======== GIVEN DATA

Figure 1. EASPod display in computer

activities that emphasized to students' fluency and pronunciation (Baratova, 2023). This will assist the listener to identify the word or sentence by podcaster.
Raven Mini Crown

================
======== GIVEN DATA

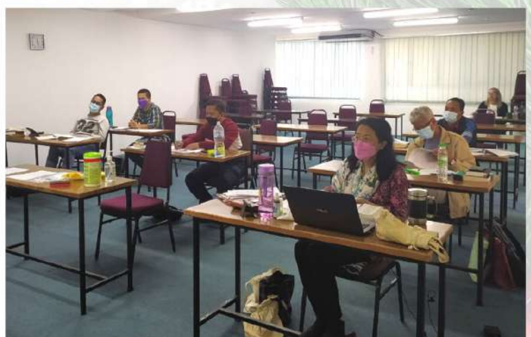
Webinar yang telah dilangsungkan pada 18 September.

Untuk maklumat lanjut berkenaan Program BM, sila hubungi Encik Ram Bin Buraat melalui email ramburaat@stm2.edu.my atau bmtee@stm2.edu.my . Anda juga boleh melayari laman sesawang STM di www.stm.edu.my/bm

================

Only the lines above starting at the one containing "Figure 1. EASPod display in computer" and ending at the one containing "Raven Mini Crown", both included, are to be returned, exactly as they read.

| EXPECTED ANSWER |
Figure 1. EASPod display in computer

activities that emphasized to students' fluency and pronunciation (Baratova, 2023). This will assist the listener to identify the word or sentence by podcaster.
Raven Mini Crown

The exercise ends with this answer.